June and July were mostly non-events. We hit The Melt in Folsom and Danette's Brick Oven Pub in July, the latter having been visited in a previous year. Both? Were adequate when it came to food and atmosphere.
No drama, no surprises and it was agreed we'd return again.
Now ... Rocker Oysterfeller's in downtown Placerville last month? Different story all together. Oh, the drama ...
The food was rather good. I partook of Louisiana Hot oysters (even though I know it's rarely a good idea to order seafood far, far away from the sea) and some Blackened Gulf Shrimp Tacos. Tasty stuff indeed, despite being a bit on the pricey side. (And, truth be told, I was kind of pressured into ordering oysters ... but I really didn't mind getting hornswaggled in that department.) Pete and Missy ordered the same thing, Smashburgers. Pete said his was delicious. Missy's was a letdown, she said - overcooked and not very tasty. My failing recall forgets what Laurie ordered but I do remember Grant got the Molasses & Bourbon Pork volcano Shank which he enjoyed right down to the very last.
So, overall, the food worked. The appetizers? They did start off the evening with any sort of anticipation once served ...
A plate of Bear Battered Onion Rings was proffered while we were all talking and, by the time I got a chance to take a gander at them, there were 3 rings left ... and pretty anemic looking ones at that. I didn't remember seeing anyone going for them so I surmised the order was a singular half dozen rings, all told.
"What happened to the rings?!?" I asked. With I would have nabbed a shot of them for evidence. Grant ordered some Cheesy Jalapeño Pull-Apart Bread and, if I didn't know any better, it came from the middle of Death Valley. It was that dry. No dipping sauce or butter or other was offered with it, so butter was requested ... but by the time it got there it was too little too late. (Skip this item if you go there. Trust me.)
And, in the mix, was our waitress who was not only scatter-brained but appeared out of sorts with the entire concept of waitressing.
The first couple beer orders I attempted weren't available. On the third try - a Henhouse Stoked! Hazy Pale Ale I ordered with emphasis on the "Stoked!" because of the exclamation point - she asked me "The dessert?"
"The dessert?!?" I responded. "No ... the beer." I had not idea what she was talking about. And, apparently, neither did she.
"Oh, yeah ... okay. Got it." And off she stumbled to put in my order.
It took an inordinate amount of time for the drinks to come but the food came in relatively quick order. But ... most of it was served to the wrong person. As noted: Our waitress wasn't the sharpest took in the shed.
Interestingly and at one point ordered an additional brew ... and I attempted to so same. But each time I was spurned, ignored as if I was a ghost. This was rather amusing to Grant but let me flabbergasted. I could see our waitress' tip diminishing to a trickle as the moments ticked by.

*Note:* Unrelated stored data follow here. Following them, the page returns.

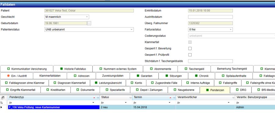 Für die beiden Fälle 1020300 und 1320302 meldet die Veka-Abfrage einen Fehler, so dass die beiden Fälle aus dem Fakturajob gelöscht wurden und auf der Fehlerliste erscheinen. Gleichzeitig werden die in der Entscheidungstabelle 'VekaAbfrage' definierten Ereignisse generiert und über die Entscheidungstabelle 'Aktion ereignisgesteuert' Pendenzen auf Patienten- und Fallebene angelegt:
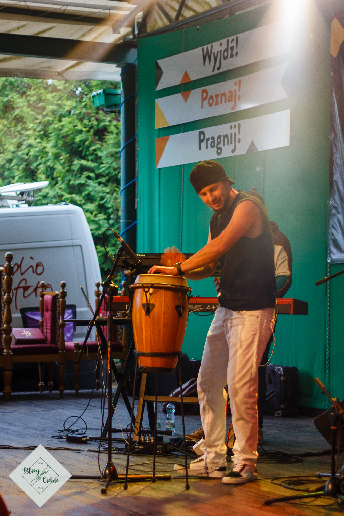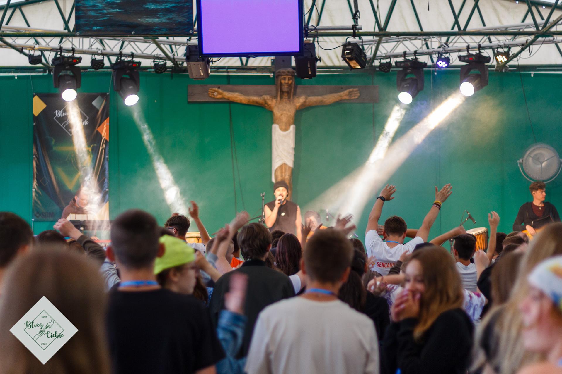 Zjedliśmy obiad i pełni energii ruszyliśmy na warsztaty i wspólnotę. Na koniec dnia w rytmie reggae bawiliśmy się na koncercie Damiana Syjonfama. Jak mówi jeden z uczestników: z roku na rok jest coraz lepiej, w tym roku to już w ogóle wspaniale. Świetnie się bawiłem i już nie mogę doczekać się jutrzejszej dyskoteki – dodaje jeden z uczestników spotkanych pod wiatą. Dzień zgodnie z SDMową tradycją zakończył Boski Mario i jego drużyna z filozoficzną opowiastką na dobranoc.
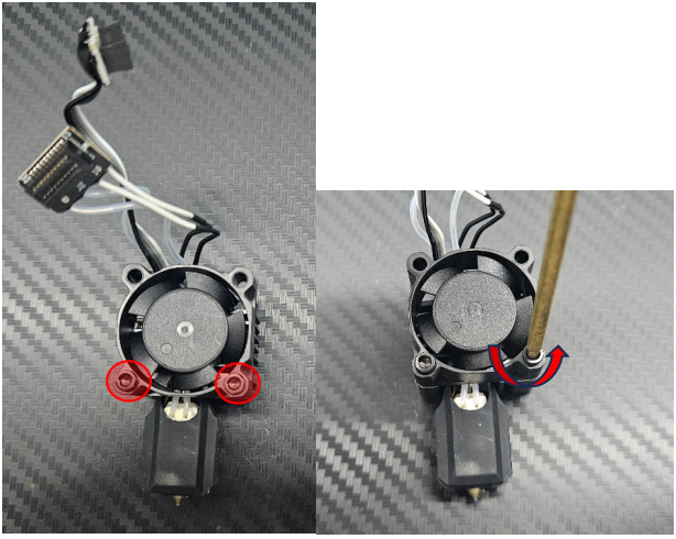 Make sure to securely tighten the hotend screws using an H2.0 hex key, and avoid over-tightening.
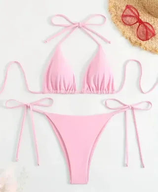 Top de bikini en color rosa con un diseño de tirantes que se anudan al cuello y a la espalda para un ajuste personalizado. - Tejido acanalado. - Copas triangulares..
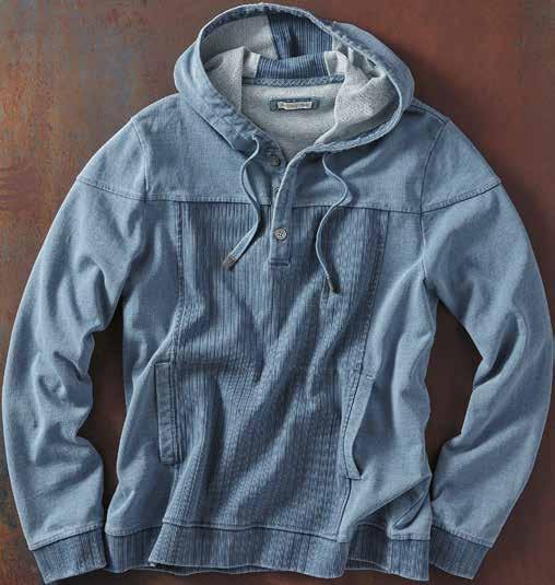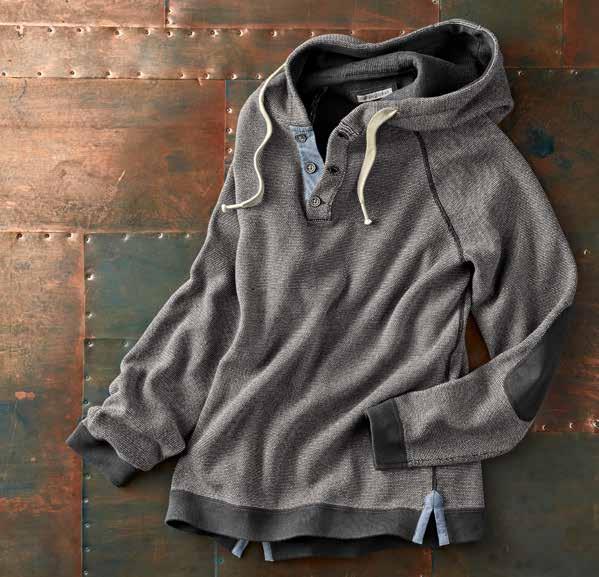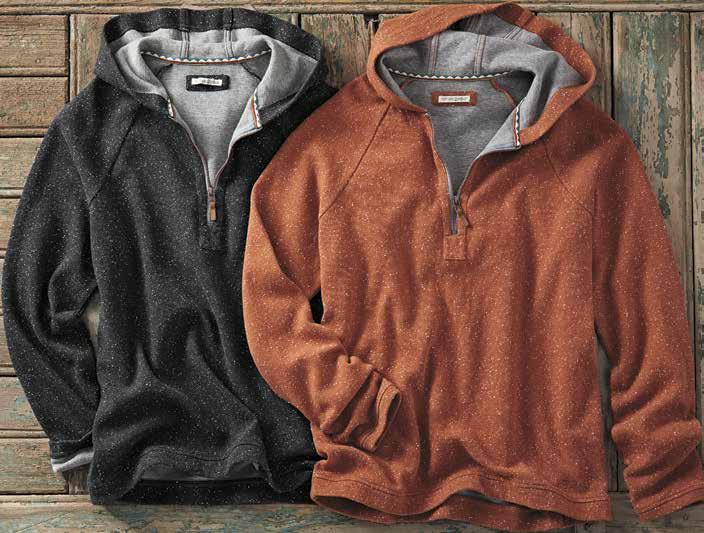 Constellation Hoodie With a donegal-like flecked yarn on the outside and t-shirt soft jersey lining, this double-knit hoodie has refined looks and a comfy feel inside and out. Perfectly weighted for year-round wear, it has a quarter zip with antiqued hardware. 93% cotton, 4% poly, 3% viscose. Imported in Charcoal or Rust. Men’s sizes: S-XXL. [144549] $129
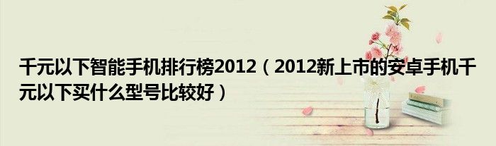 千元以下智能手机排行榜2012(2012新上市的安卓手机千元以下买什么型号比较好)

And then when all was said and done the checks came ... complete with automatic 20% gratuities already attached.
On the inside? I was slow burning, on the way to fuming. But ... on the inside.
I wasn't going to allow the substandard service of this gal get in the way of everyone's enjoyment of the get-together nor was I going to expose my inner asshat.
But come on ... an automatic gratuity for a "large party" as detailed on the receipt? Since when did 6 people encompass a large party? I buried any comments I wanted to unleash and pleasantly paid the bill without incident.
Tasty food (though a touch pricey), terrible service.
It's going to take convincing to get me back there, this I know.